Task prompt -> Output the entire listing without altering anything.

Data shown ->

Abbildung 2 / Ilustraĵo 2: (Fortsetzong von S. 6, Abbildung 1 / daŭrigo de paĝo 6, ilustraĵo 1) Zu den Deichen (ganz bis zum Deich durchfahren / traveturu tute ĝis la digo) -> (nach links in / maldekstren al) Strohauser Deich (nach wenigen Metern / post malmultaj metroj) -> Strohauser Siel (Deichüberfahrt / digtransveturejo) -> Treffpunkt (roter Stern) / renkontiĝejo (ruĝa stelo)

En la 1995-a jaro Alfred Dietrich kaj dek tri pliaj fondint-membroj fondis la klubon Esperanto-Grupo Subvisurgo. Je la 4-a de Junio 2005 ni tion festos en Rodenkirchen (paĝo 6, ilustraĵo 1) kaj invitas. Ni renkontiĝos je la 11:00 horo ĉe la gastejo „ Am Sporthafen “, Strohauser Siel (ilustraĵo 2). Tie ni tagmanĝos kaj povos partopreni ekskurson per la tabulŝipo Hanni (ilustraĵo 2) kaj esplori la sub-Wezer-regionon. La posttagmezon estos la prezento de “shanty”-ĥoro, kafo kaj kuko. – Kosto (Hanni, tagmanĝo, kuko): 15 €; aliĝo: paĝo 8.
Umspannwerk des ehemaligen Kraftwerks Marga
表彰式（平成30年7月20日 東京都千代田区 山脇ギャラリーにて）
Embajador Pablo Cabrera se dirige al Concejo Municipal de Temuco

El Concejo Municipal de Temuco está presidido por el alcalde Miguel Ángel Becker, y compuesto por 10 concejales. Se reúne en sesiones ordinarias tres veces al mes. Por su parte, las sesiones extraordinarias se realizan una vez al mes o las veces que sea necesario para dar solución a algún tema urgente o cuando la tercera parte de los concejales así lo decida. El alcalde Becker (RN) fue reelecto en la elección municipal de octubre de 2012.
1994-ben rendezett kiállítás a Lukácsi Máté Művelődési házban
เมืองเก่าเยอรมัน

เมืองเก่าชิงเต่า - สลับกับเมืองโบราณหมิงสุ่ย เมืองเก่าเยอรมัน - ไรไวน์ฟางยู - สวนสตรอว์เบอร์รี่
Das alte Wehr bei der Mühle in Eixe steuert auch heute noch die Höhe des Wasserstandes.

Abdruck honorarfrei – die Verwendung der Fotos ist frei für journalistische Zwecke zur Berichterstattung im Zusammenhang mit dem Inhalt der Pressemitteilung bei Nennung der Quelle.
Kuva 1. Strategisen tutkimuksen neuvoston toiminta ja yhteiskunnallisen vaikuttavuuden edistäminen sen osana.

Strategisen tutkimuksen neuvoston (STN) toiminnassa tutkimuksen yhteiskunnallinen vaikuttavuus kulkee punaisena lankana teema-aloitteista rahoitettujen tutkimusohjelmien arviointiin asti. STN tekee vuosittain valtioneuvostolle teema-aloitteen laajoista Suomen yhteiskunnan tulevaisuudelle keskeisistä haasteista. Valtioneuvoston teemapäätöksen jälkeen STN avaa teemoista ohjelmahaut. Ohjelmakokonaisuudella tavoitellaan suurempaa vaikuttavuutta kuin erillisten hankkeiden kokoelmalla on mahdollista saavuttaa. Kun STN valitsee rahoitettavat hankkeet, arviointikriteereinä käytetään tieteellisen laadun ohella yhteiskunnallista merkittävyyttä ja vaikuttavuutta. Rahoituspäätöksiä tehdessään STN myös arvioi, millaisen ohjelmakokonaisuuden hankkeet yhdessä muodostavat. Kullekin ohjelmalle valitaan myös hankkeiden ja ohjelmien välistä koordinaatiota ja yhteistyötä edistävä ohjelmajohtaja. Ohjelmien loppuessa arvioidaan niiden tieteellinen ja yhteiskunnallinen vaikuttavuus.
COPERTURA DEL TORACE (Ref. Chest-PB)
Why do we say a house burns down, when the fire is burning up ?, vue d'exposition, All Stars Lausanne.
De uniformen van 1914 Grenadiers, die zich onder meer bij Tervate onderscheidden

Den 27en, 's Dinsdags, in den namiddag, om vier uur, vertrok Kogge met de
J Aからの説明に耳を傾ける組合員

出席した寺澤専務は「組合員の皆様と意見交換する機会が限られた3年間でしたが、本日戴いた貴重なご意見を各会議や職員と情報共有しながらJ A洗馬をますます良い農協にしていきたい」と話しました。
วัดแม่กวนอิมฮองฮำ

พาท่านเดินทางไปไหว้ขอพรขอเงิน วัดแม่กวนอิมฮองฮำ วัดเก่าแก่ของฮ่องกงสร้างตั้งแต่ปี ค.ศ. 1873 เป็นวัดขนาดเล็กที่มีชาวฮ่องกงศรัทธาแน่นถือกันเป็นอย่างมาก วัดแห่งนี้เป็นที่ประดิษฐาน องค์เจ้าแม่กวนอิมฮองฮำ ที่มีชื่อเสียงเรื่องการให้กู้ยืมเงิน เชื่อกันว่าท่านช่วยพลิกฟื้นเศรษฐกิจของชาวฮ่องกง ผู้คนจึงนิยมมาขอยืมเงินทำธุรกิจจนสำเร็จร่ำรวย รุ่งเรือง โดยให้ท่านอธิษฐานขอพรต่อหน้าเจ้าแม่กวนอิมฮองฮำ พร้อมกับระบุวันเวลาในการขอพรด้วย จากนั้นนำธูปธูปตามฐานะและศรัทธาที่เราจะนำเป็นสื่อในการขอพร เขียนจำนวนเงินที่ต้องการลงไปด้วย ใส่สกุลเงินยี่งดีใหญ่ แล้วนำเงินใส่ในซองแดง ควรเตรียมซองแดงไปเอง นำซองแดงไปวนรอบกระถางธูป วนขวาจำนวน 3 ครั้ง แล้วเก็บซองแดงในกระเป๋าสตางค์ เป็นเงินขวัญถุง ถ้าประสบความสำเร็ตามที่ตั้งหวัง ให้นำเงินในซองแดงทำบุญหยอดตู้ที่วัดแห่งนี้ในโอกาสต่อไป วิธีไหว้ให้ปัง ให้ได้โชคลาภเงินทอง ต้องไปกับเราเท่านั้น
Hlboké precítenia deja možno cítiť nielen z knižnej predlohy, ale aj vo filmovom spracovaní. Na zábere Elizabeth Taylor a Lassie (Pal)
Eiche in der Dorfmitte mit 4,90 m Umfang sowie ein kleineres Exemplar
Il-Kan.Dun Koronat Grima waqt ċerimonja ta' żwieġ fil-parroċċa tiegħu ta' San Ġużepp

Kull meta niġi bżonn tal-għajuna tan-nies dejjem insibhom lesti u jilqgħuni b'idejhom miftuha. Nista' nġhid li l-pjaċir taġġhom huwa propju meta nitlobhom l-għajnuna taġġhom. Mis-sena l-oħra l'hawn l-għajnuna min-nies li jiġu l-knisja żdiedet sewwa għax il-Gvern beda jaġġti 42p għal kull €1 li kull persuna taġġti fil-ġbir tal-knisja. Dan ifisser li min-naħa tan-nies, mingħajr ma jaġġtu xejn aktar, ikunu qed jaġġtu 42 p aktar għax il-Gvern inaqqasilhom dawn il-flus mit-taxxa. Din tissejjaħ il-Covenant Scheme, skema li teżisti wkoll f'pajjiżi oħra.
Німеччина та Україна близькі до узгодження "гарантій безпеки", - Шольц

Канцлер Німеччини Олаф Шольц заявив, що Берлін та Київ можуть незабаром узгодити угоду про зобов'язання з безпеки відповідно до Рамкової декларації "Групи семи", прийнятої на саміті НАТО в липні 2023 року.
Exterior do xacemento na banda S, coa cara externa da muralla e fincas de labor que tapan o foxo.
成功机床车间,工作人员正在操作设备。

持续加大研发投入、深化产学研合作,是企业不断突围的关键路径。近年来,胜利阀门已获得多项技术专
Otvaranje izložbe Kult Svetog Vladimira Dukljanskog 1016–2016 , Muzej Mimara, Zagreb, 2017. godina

The completed task ->
Abbildung 2 / Ilustraĵo 2: (Fortsetzong von S. 6, Abbildung 1 / daŭrigo de paĝo 6, ilustraĵo 1) Zu den Deichen (ganz bis zum Deich durchfahren / traveturu tute ĝis la digo) -> (nach links in / maldekstren al) Strohauser Deich (nach wenigen Metern / post malmultaj metroj) -> Strohauser Siel (Deichüberfahrt / digtransveturejo) -> Treffpunkt (roter Stern) / renkontiĝejo (ruĝa stelo)

En la 1995-a jaro Alfred Dietrich kaj dek tri pliaj fondint-membroj fondis la klubon Esperanto-Grupo Subvisurgo. Je la 4-a de Junio 2005 ni tion festos en Rodenkirchen (paĝo 6, ilustraĵo 1) kaj invitas. Ni renkontiĝos je la 11:00 horo ĉe la gastejo „ Am Sporthafen “, Strohauser Siel (ilustraĵo 2). Tie ni tagmanĝos kaj povos partopreni ekskurson per la tabulŝipo Hanni (ilustraĵo 2) kaj esplori la sub-Wezer-regionon. La posttagmezon estos la prezento de “shanty”-ĥoro, kafo kaj kuko. – Kosto (Hanni, tagmanĝo, kuko): 15 €; aliĝo: paĝo 8.
Umspannwerk des ehemaligen Kraftwerks Marga
表彰式（平成30年7月20日 東京都千代田区 山脇ギャラリーにて）
Embajador Pablo Cabrera se dirige al Concejo Municipal de Temuco

El Concejo Municipal de Temuco está presidido por el alcalde Miguel Ángel Becker, y compuesto por 10 concejales. Se reúne en sesiones ordinarias tres veces al mes. Por su parte, las sesiones extraordinarias se realizan una vez al mes o las veces que sea necesario para dar solución a algún tema urgente o cuando la tercera parte de los concejales así lo decida. El alcalde Becker (RN) fue reelecto en la elección municipal de octubre de 2012.
1994-ben rendezett kiállítás a Lukácsi Máté Művelődési házban
เมืองเก่าเยอรมัน

เมืองเก่าชิงเต่า - สลับกับเมืองโบราณหมิงสุ่ย เมืองเก่าเยอรมัน - ไรไวน์ฟางยู - สวนสตรอว์เบอร์รี่
Das alte Wehr bei der Mühle in Eixe steuert auch heute noch die Höhe des Wasserstandes.

Abdruck honorarfrei – die Verwendung der Fotos ist frei für journalistische Zwecke zur Berichterstattung im Zusammenhang mit dem Inhalt der Pressemitteilung bei Nennung der Quelle.
Kuva 1. Strategisen tutkimuksen neuvoston toiminta ja yhteiskunnallisen vaikuttavuuden edistäminen sen osana.

Strategisen tutkimuksen neuvoston (STN) toiminnassa tutkimuksen yhteiskunnallinen vaikuttavuus kulkee punaisena lankana teema-aloitteista rahoitettujen tutkimusohjelmien arviointiin asti. STN tekee vuosittain valtioneuvostolle teema-aloitteen laajoista Suomen yhteiskunnan tulevaisuudelle keskeisistä haasteista. Valtioneuvoston teemapäätöksen jälkeen STN avaa teemoista ohjelmahaut. Ohjelmakokonaisuudella tavoitellaan suurempaa vaikuttavuutta kuin erillisten hankkeiden kokoelmalla on mahdollista saavuttaa. Kun STN valitsee rahoitettavat hankkeet, arviointikriteereinä käytetään tieteellisen laadun ohella yhteiskunnallista merkittävyyttä ja vaikuttavuutta. Rahoituspäätöksiä tehdessään STN myös arvioi, millaisen ohjelmakokonaisuuden hankkeet yhdessä muodostavat. Kullekin ohjelmalle valitaan myös hankkeiden ja ohjelmien välistä koordinaatiota ja yhteistyötä edistävä ohjelmajohtaja. Ohjelmien loppuessa arvioidaan niiden tieteellinen ja yhteiskunnallinen vaikuttavuus.
COPERTURA DEL TORACE (Ref. Chest-PB)
Why do we say a house burns down, when the fire is burning up ?, vue d'exposition, All Stars Lausanne.
De uniformen van 1914 Grenadiers, die zich onder meer bij Tervate onderscheidden

Den 27en, 's Dinsdags, in den namiddag, om vier uur, vertrok Kogge met de
J Aからの説明に耳を傾ける組合員

出席した寺澤専務は「組合員の皆様と意見交換する機会が限られた3年間でしたが、本日戴いた貴重なご意見を各会議や職員と情報共有しながらJ A洗馬をますます良い農協にしていきたい」と話しました。
วัดแม่กวนอิมฮองฮำ

พาท่านเดินทางไปไหว้ขอพรขอเงิน วัดแม่กวนอิมฮองฮำ วัดเก่าแก่ของฮ่องกงสร้างตั้งแต่ปี ค.ศ. 1873 เป็นวัดขนาดเล็กที่มีชาวฮ่องกงศรัทธาแน่นถือกันเป็นอย่างมาก วัดแห่งนี้เป็นที่ประดิษฐาน องค์เจ้าแม่กวนอิมฮองฮำ ที่มีชื่อเสียงเรื่องการให้กู้ยืมเงิน เชื่อกันว่าท่านช่วยพลิกฟื้นเศรษฐกิจของชาวฮ่องกง ผู้คนจึงนิยมมาขอยืมเงินทำธุรกิจจนสำเร็จร่ำรวย รุ่งเรือง โดยให้ท่านอธิษฐานขอพรต่อหน้าเจ้าแม่กวนอิมฮองฮำ พร้อมกับระบุวันเวลาในการขอพรด้วย จากนั้นนำธูปธูปตามฐานะและศรัทธาที่เราจะนำเป็นสื่อในการขอพร เขียนจำนวนเงินที่ต้องการลงไปด้วย ใส่สกุลเงินยี่งดีใหญ่ แล้วนำเงินใส่ในซองแดง ควรเตรียมซองแดงไปเอง นำซองแดงไปวนรอบกระถางธูป วนขวาจำนวน 3 ครั้ง แล้วเก็บซองแดงในกระเป๋าสตางค์ เป็นเงินขวัญถุง ถ้าประสบความสำเร็ตามที่ตั้งหวัง ให้นำเงินในซองแดงทำบุญหยอดตู้ที่วัดแห่งนี้ในโอกาสต่อไป วิธีไหว้ให้ปัง ให้ได้โชคลาภเงินทอง ต้องไปกับเราเท่านั้น
Hlboké precítenia deja možno cítiť nielen z knižnej predlohy, ale aj vo filmovom spracovaní. Na zábere Elizabeth Taylor a Lassie (Pal)
Eiche in der Dorfmitte mit 4,90 m Umfang sowie ein kleineres Exemplar
Il-Kan.Dun Koronat Grima waqt ċerimonja ta' żwieġ fil-parroċċa tiegħu ta' San Ġużepp

Kull meta niġi bżonn tal-għajuna tan-nies dejjem insibhom lesti u jilqgħuni b'idejhom miftuha. Nista' nġhid li l-pjaċir taġġhom huwa propju meta nitlobhom l-għajnuna taġġhom. Mis-sena l-oħra l'hawn l-għajnuna min-nies li jiġu l-knisja żdiedet sewwa għax il-Gvern beda jaġġti 42p għal kull €1 li kull persuna taġġti fil-ġbir tal-knisja. Dan ifisser li min-naħa tan-nies, mingħajr ma jaġġtu xejn aktar, ikunu qed jaġġtu 42 p aktar għax il-Gvern inaqqasilhom dawn il-flus mit-taxxa. Din tissejjaħ il-Covenant Scheme, skema li teżisti wkoll f'pajjiżi oħra.
Німеччина та Україна близькі до узгодження "гарантій безпеки", - Шольц

Канцлер Німеччини Олаф Шольц заявив, що Берлін та Київ можуть незабаром узгодити угоду про зобов'язання з безпеки відповідно до Рамкової декларації "Групи семи", прийнятої на саміті НАТО в липні 2023 року.
Exterior do xacemento na banda S, coa cara externa da muralla e fincas de labor que tapan o foxo.
成功机床车间,工作人员正在操作设备。

持续加大研发投入、深化产学研合作,是企业不断突围的关键路径。近年来,胜利阀门已获得多项技术专
Otvaranje izložbe Kult Svetog Vladimira Dukljanskog 1016–2016 , Muzej Mimara, Zagreb, 2017. godina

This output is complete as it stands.